Just as I had finally decided I definitely wasn’t going out a fox ran across the road in front of me… A sign… an omen… but the roaring log burner and a couple of pints of cider were calling out to me back at home. Minutes later another fox ran across the road in front of me. I drive this road most nights and very rarely see foxes on it. This must be a sign I thought. The idea of the fire and cider soon started to disappear and the thought of foxing was right back at the top of the list.
I was down at Rob’s a couple of days before hand as the new callers arrived from the States – it wasn’t long before a couple of them were in my bag ready for testing.
I talked myself into going out by myself as I had all the gear to do so. I knew walking wasn’t going to be an option due to the bright moon so it would have to be a sit and wait. It wasn’t long before I arrived home and got all the gear ready.
15 minutes later I was back in the Landy and on route to my first permission. The fields looked white due to the heavy frosts and clear skies and I knew I had to hide myself well. There was a very slight breeze blowing left to right across the field so my position would have to be out on the right. Some overhanging trees created a fantastic backdrop for me and the motor. Once in position I walked out to see how hidden the car was, perfect couldn’t see it at all.
The hatch had already been taken off back at home so I climbed in and made myself at home. With rifle ready – and safety on I looked through my scope and could see most of the field without a light. On top of the scope was my Night Master Green Envy with the Xsearcher head on it. I use Night Masters quick release mount that’s fully adjustable and is so much better than the standard clamp, worth every penny. With the rifle ready to go on the roof I started to call softly with the new caller – the Scotch Shaker Predator Caller.

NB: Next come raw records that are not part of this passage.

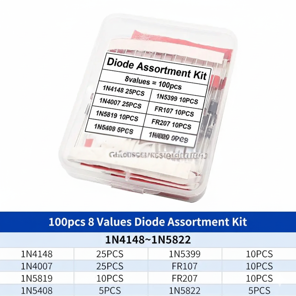 El Kit de Diodos 1N4148 ~ 1N5822 (100 piezas) es un surtido esencial para cualquier técnico, aficionado o estudiante de electrónica. Incluye una selección de 8 tipos de diodos de uso común, ideales para rectificación, protección, conmutación y proyectos electrónicos.
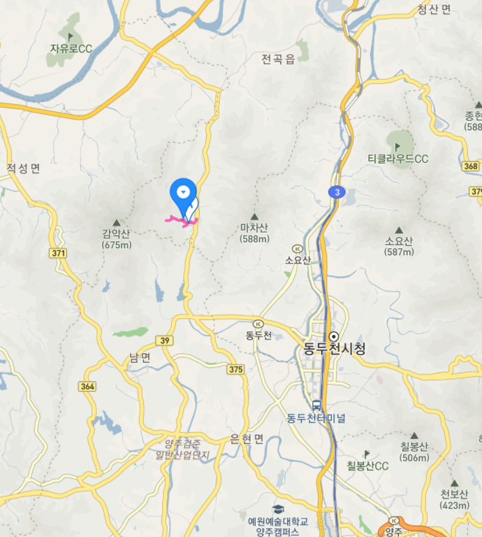 아래 지도에서 표시된 곳이 감악산 자락의 늘목리 위치입니다. 연천군 전곡읍에 속하고요.
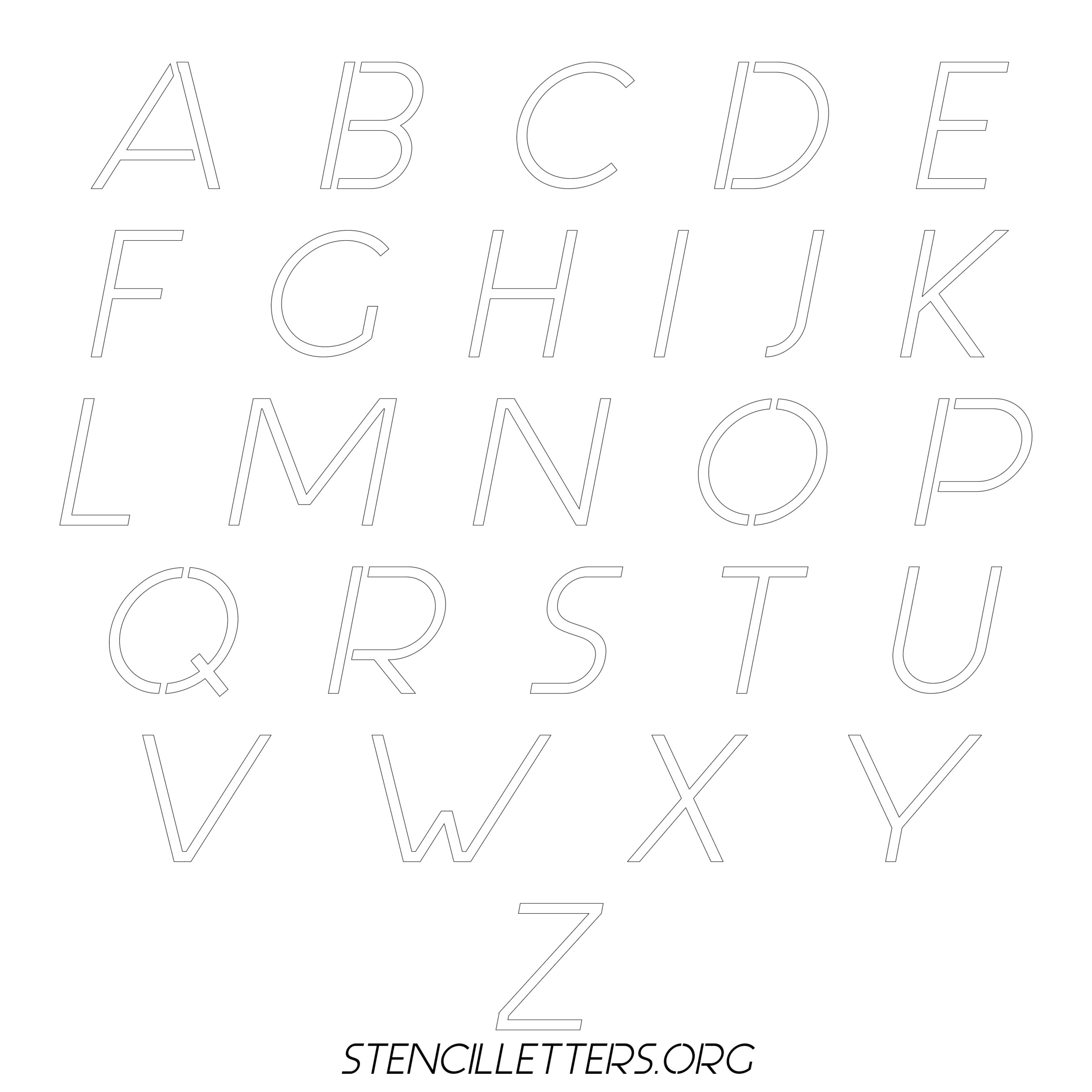 Stencil Design 44 Italic. Print these free uppercase letter stencils and make your own DIY templates for your stenciling projects. Available in high resolution printable sizes: 4 Inch, 5 Inch, 6 Inch, 7 Inch, 8 Inch, 9 Inch and 10 Inch.
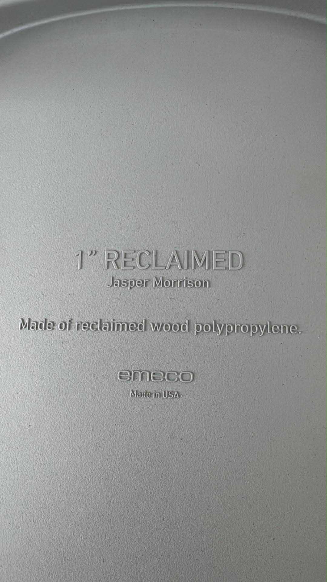 Authentic Emeco 1” Reclaimed chair designed by Jasper Morrison. Made in the USA from reclaimed wood polypropylene, this chair is extremely durable, lightweight, and environmentally responsible. Designed for high-traffic commercial use but clean enough for residential or café settings.
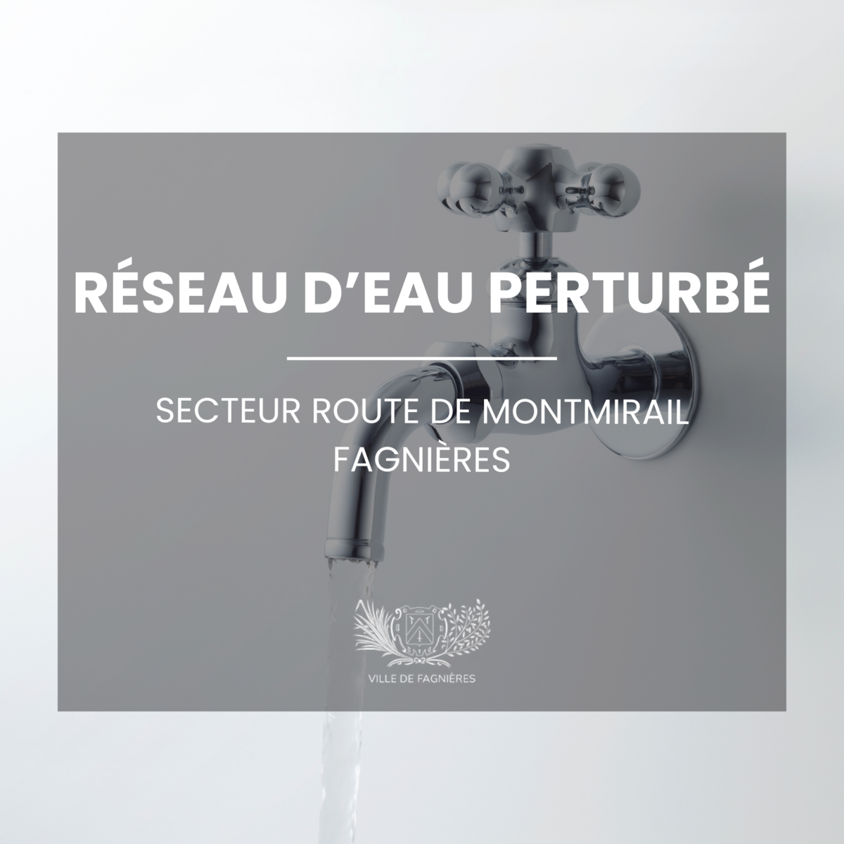 Nous vous informons que le réseau de distribution d’eau potable est actuellement perturbé sur le secteur de la route de Montmirail à Fagnières.
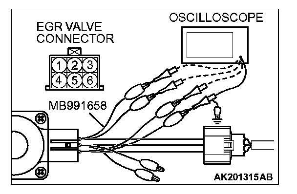 2. Connect the oscilloscope probe to the EGR valve connector terminal No. 1, terminal No. 3, terminal No. 4, No. terminal 6 respectively.
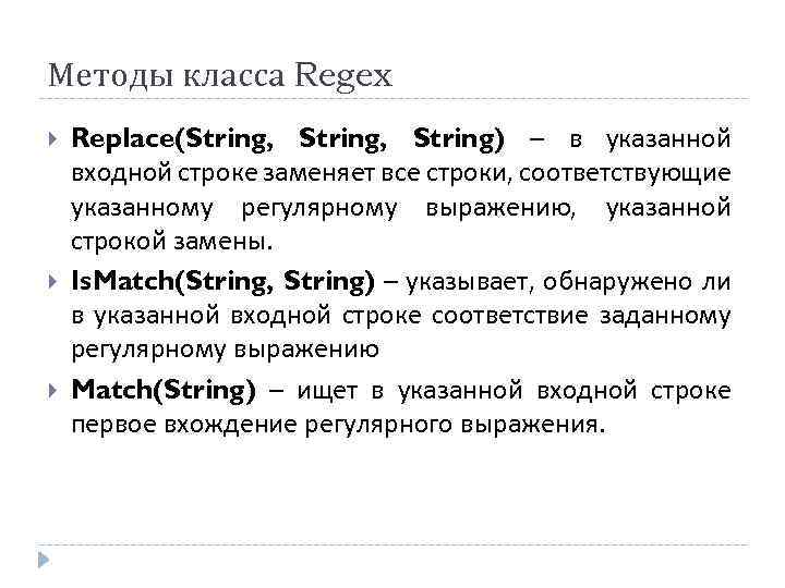Методы класса Regex Replace(String, String) – в указанной входной строке заменяет все строки, соответствующие указанному регулярному выражению, указанной строкой замены. Is. Match(String, String) – указывает, обнаружено ли в указанной входной строке соответствие заданному регулярному выражению Match(String) – ищет в указанной входной строке первое вхождение регулярного выражения.
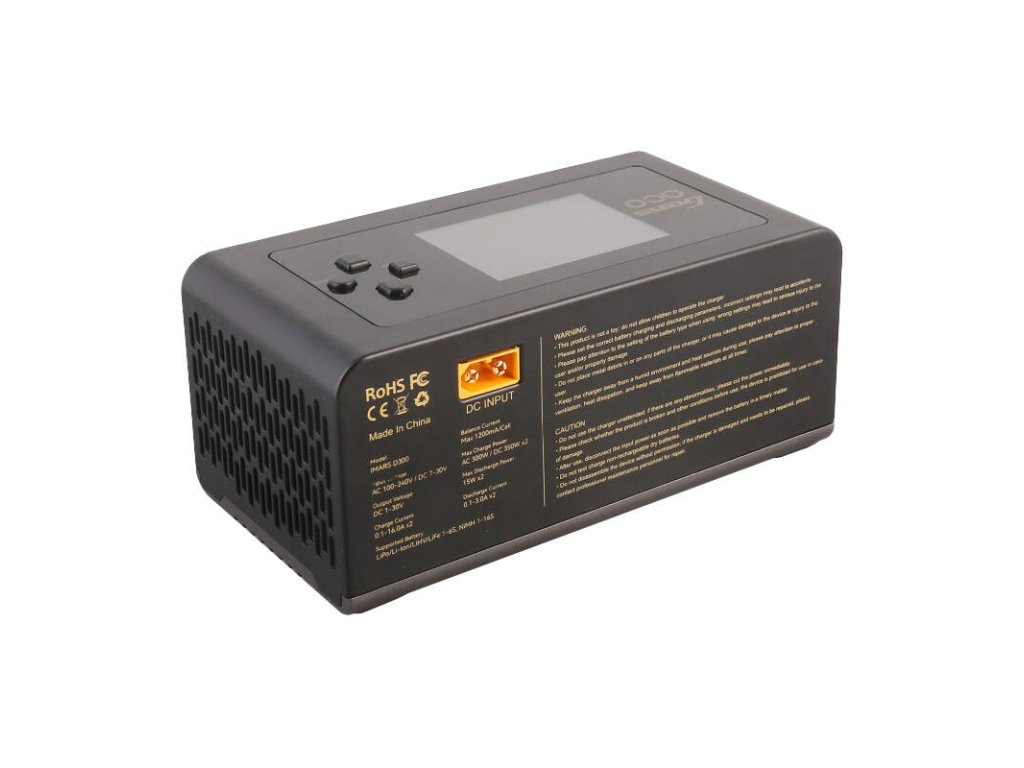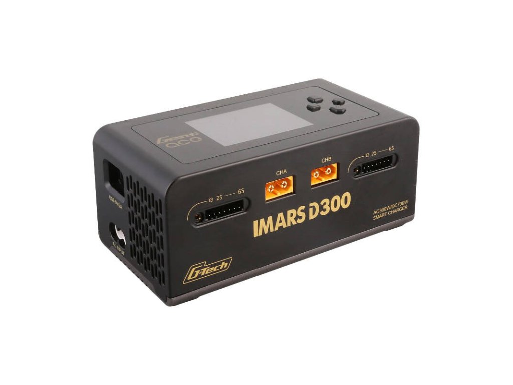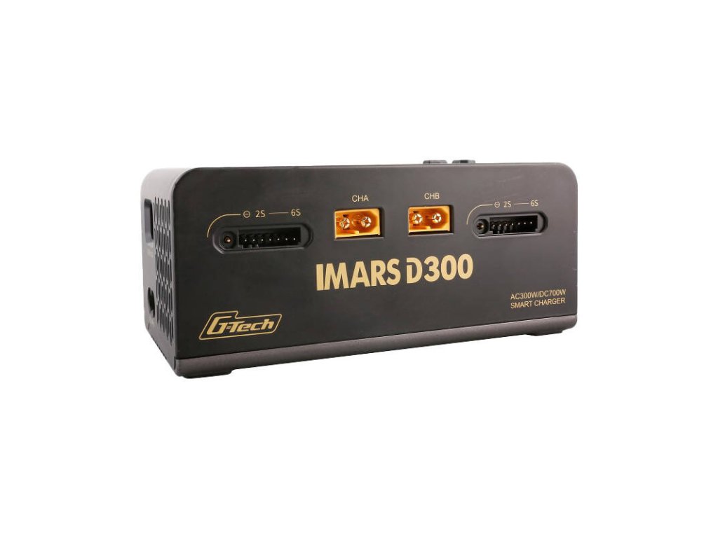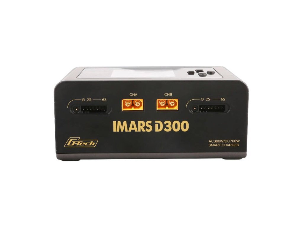 IMARS D300 je univerzální a inteligentní nabíječka určená pro inteligentní baterie G-Tech Eco. Je kompatibilní i s dalšími bateriemi. Automaticky identifikuje typ baterie G-Tech, napětí a nabíjecí proud, což usnadňuje proces nabíjení. Má sedm provozních režimů, včetně nabíjení, vybíjení, vyvažování a dalších. Díky dvoukanálovému přenosnému AC/DC nabíjení a velkému IPS displeji se snadno používá a ovládá. Nabízí vysoký nabíjecí výkon, pokročilé bezpečnostní funkce a podporu inteligentního nabíjení G-Tech.

10 minutes later and nothing had shown itself so I sat back down and rolled myself a ciggy to have with a brew I’d fetched with me. I couldn’t believe how still everything was, the breeze had gone completely now which buggered me up a little. The stars were amazing I found myself staring at them for a long time and several shot across the clear skies leaving a light trail as they burnt out.
Tea break over, I started to call once more. About 400 yards in front lay a bed of rushes and out behind that a massive wood. Within seconds of calling a set of eyes sat just in front of the rushes. I turned off the 170 and kept calling gently. I turned the light back on and it had come closer and as I swapped over onto the little mouse squeaker those eyes started bounding in. I lay the rifle down on the bonnet bag and switched on the green Envy XSearcher. Finding my target in the scope, I got a positive ID and as I watched it come closer I noticed another set of eyes closing in pretty quick.
The new mouse squeaker is only a small caller and I had no problems operating it in my hand whist holding my rifle. The first fox was now about 50 yards away and the other one was probably about 230-240 and was now sat on its bum watching me. Once I had a full ID on both foxes I placed my cross on the bottom of the furthest ones neck, I brought my head off the stock to see where the closest one was and Christ it was now about 30 yards away and closing fast. My head was quickly back on the stock and the first round was soon on its way over the frozen grass and connecting with my first victim. I quickly located the second fox which was now roughly 60-70 yards away and running flat out away from me. I promptly had the cross on it and it was motoring. A sharp “Oiiiiiiii” and she stopped broad sideways and she soon hit the deck as my second round passed through her chest cavity. I carried on calling for another 10 minutes or so but nothing showed. Collecting the dead, I paced out the furthest one to roughly 260 and the closest one to 120.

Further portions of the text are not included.